Under provisions outlined for the first time, the loans would be geared toward businesses with up to 10,000 employees and $2.5 billion in revenues for 2019. The Fed said the programs would total up to $2.3 trillion and include the Payroll Protection Program (PPP) and other measures.

The Main Street Lending Program aims to enhance support for small and mid-sized businesses that were in good financial standing before the crisis by offering 4-year loans to companies employing up to 10,000 workers or with revenues of less than $2.5 billion. Principal and interest payments will be deferred for one year.
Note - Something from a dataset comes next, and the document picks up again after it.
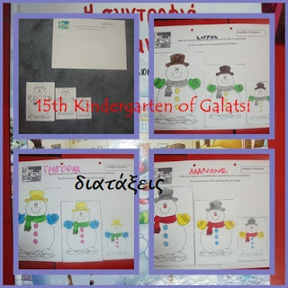 Με αφορμή το βιβλίο, “Η συντροφιά των χιονανθρώπων”, φτιάξαμε χιονάνθρωπους από χάρτινα πιάτα και τους ομαδοποιήσαμε με ένα ή δυο κριτήρια (καπέλο, κασκώλ, μύτη κ.λ.π.)

Eligible banks may originate new Main Street loans or use Main Street loans to increase the size of existing loans to businesses. Banks will retain a 5 percent share, selling the remaining 95 percent to the Main Street facility, which will purchase up to $600 billion of loans. Firms seeking Main Street loans must commit to make reasonable efforts to maintain payroll and retain workers. Borrowers must also follow compensation, stock repurchase, and dividend restrictions that apply to direct loan programs under the CARES Act. Firms that have taken advantage of the PPP may also take out Main Street loans.

The Main Street loans would be a minimum of $1 million and a maximum of either $25 million or an amount that “when added to the Eligible Borrower’s existing outstanding and committed but undrawn debt, does not exceed four times the Eligible Borrower’s 2019 earnings before interest, taxes, depreciation, and amortization,” whatever is less, according to a Fed release.

Terms would see an interest rate equal to the Fed’s Secure Overnight Financing Rate, currently 0.01 percent, plus 250-400 basis points with a four-year maturity.

A special-purpose vehicle that Fed created jointly with the Treasury Department will purchase 95 percent of the loan while the financing institution would hold the other 5 percent.

“Our country’s highest priority must be to address this public health crisis, providing care for the ill and limiting the further spread of the virus,” said Federal Reserve Board Chair Jerome H. Powell. “The Fed’s role is to provide as much relief and stability as we can during this period of constrained economic activity, and our actions today will help ensure that the eventual recovery is as vigorous as possible.”